» **PROVIDED MATERIAL**
--- START ---

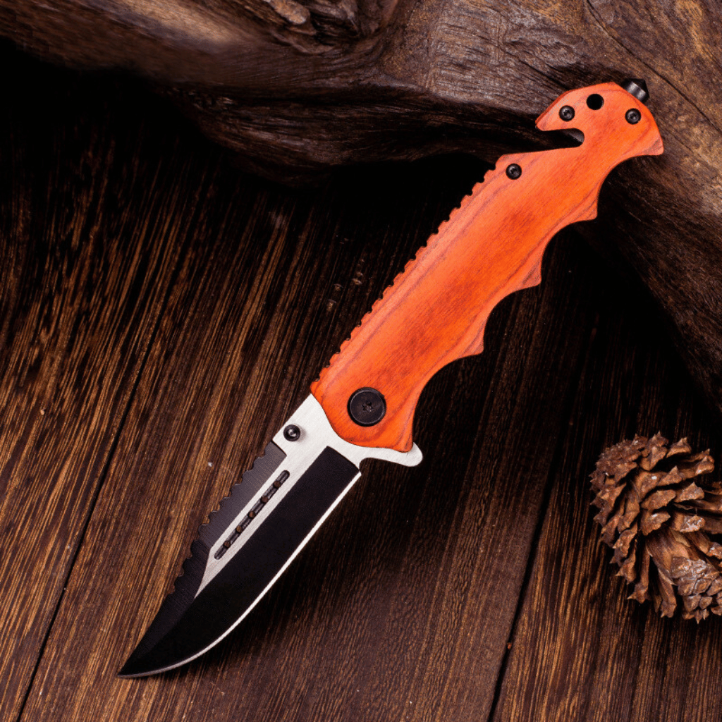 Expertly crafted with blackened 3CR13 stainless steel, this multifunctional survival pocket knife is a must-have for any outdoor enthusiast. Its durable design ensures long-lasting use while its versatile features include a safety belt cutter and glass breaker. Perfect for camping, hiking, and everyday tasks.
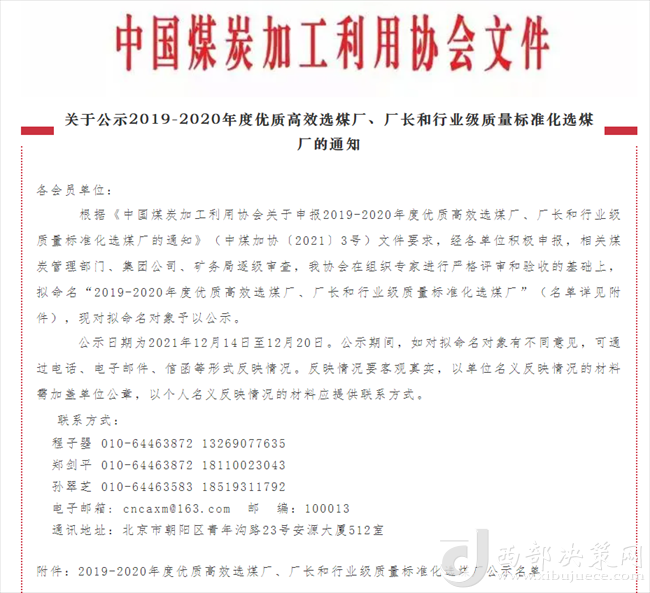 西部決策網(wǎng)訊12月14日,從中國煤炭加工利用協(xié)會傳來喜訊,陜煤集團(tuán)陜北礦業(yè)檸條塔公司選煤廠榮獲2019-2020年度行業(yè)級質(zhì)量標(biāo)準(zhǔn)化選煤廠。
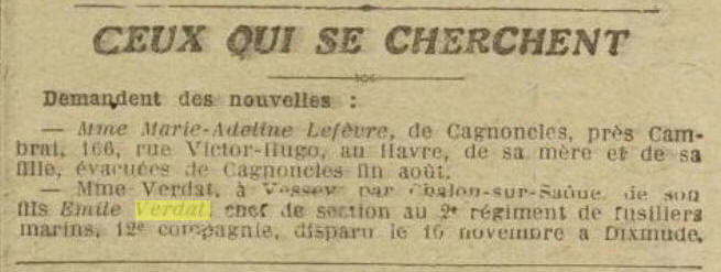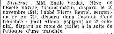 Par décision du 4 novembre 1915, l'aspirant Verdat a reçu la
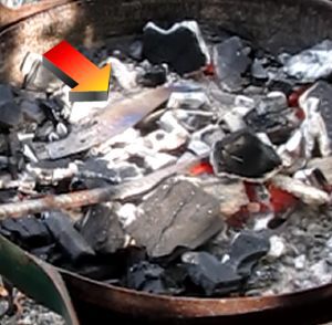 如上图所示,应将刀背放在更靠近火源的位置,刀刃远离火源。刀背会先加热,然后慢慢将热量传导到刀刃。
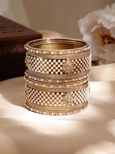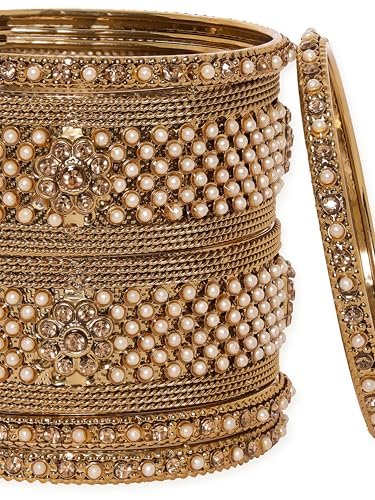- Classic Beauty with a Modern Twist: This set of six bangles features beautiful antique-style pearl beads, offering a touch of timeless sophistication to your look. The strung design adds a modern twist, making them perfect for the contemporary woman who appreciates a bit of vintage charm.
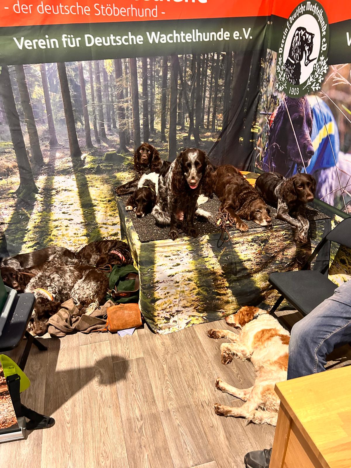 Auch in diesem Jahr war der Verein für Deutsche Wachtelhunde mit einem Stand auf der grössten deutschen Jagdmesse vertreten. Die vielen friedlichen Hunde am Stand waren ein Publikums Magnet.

--- END ---
--- START ---

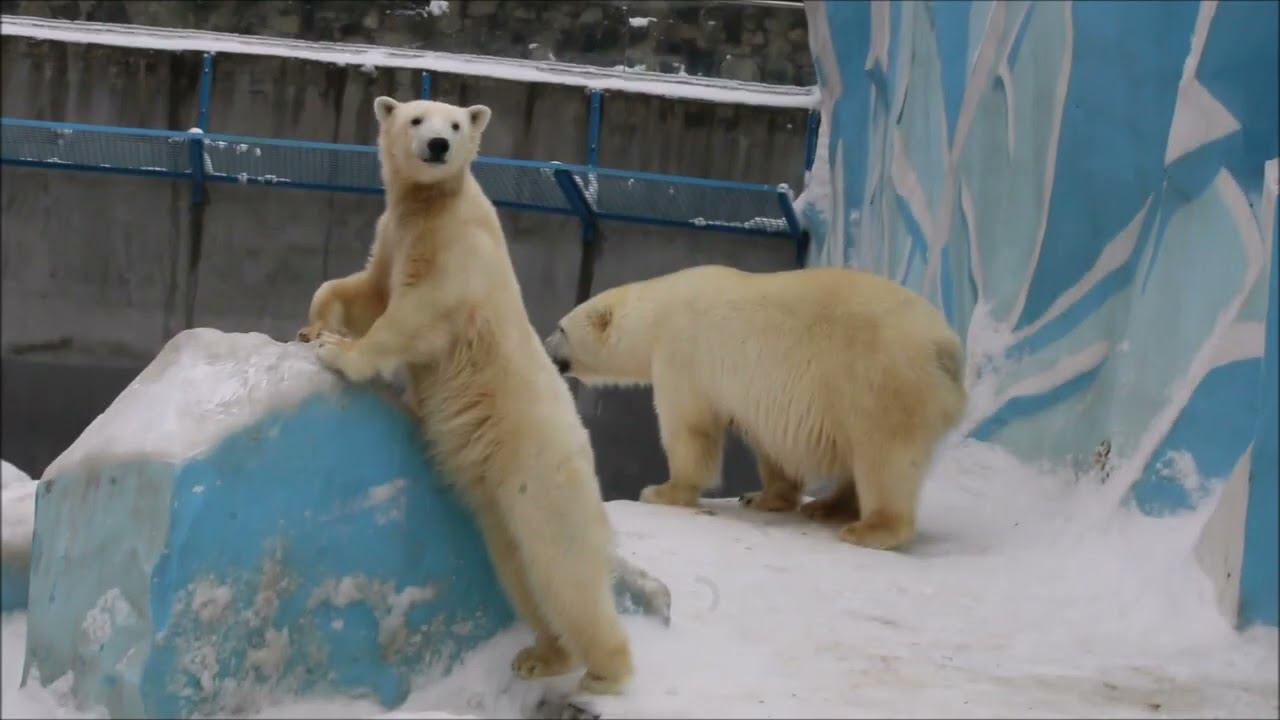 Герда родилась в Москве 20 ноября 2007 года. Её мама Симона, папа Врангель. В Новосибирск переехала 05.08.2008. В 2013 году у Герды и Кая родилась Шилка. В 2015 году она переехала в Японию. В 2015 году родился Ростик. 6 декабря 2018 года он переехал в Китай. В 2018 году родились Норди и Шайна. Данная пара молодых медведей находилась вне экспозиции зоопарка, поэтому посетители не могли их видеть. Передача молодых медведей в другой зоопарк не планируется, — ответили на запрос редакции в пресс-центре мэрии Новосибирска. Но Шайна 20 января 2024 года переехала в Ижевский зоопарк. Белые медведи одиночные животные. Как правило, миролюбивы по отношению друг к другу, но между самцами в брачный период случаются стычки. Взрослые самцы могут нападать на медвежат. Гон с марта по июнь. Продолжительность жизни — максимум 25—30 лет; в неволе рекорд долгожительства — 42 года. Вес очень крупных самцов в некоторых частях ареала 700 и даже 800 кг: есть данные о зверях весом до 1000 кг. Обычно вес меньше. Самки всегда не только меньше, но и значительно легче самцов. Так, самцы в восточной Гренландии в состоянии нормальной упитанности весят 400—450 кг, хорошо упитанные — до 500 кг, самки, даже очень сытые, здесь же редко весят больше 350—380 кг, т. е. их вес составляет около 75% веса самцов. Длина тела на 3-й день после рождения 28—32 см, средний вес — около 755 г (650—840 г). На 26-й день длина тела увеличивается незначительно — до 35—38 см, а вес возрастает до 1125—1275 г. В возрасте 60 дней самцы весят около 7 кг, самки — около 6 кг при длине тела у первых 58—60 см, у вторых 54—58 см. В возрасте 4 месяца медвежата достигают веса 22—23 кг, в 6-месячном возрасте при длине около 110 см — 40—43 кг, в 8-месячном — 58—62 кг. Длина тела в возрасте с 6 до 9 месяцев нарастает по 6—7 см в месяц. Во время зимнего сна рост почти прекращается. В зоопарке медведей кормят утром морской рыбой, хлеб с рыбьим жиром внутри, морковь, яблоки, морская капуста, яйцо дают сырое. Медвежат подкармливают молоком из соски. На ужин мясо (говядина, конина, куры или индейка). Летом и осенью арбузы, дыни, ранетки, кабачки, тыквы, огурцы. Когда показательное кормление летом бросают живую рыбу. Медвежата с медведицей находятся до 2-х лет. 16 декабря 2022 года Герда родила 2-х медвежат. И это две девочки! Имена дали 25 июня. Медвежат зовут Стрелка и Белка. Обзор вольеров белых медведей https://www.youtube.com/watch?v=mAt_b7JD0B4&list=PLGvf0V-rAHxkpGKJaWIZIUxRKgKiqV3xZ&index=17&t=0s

--- END ---
--- START ---

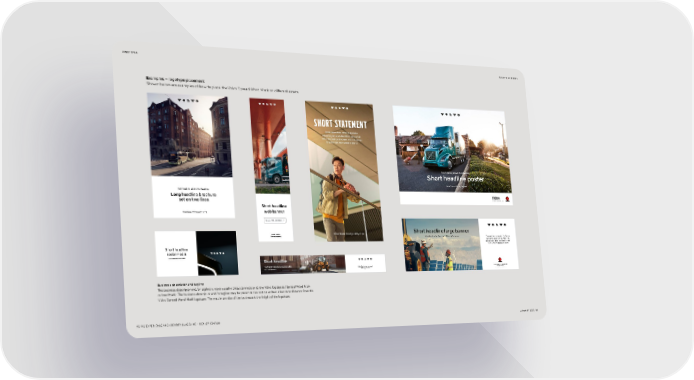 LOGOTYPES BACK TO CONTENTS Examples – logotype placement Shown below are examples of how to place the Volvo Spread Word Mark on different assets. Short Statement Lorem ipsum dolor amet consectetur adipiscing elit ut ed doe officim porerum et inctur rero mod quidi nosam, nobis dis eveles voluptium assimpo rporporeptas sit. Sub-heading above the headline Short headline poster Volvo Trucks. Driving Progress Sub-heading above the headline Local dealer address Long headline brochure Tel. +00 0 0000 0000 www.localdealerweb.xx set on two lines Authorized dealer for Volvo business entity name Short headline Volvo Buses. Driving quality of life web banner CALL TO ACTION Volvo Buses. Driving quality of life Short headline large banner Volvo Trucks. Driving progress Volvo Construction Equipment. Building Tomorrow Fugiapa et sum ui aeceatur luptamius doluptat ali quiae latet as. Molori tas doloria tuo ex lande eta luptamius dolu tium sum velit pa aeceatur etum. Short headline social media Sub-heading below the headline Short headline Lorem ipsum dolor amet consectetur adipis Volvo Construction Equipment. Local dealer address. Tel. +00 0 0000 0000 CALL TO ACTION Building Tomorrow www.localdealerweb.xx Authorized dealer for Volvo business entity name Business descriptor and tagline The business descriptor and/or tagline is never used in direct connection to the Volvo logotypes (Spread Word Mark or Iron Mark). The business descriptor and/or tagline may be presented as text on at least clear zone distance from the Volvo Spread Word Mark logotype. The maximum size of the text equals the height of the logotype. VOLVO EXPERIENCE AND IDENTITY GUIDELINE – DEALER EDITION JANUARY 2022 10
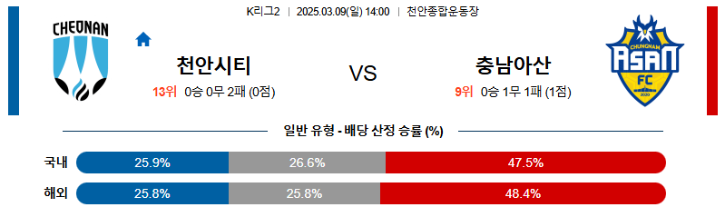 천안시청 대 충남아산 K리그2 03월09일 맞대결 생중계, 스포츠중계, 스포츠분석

--- END ---

» **YOUR OBJECTIVE**
How would the lines above read from the one with "如上图所示,应将刀背放在更靠" to the one with "Auch in diesem", inclusive, with no pictures? Write them out exactly.

» **SOLUTION TO THIS EXERCISE**
 如上图所示,应将刀背放在更靠近火源的位置,刀刃远离火源。刀背会先加热,然后慢慢将热量传导到刀刃。
- Classic Beauty with a Modern Twist: This set of six bangles features beautiful antique-style pearl beads, offering a touch of timeless sophistication to your look. The strung design adds a modern twist, making them perfect for the contemporary woman who appreciates a bit of vintage charm.
 Auch in diesem Jahr war der Verein für Deutsche Wachtelhunde mit einem Stand auf der grössten deutschen Jagdmesse vertreten. Die vielen friedlichen Hunde am Stand waren ein Publikums Magnet.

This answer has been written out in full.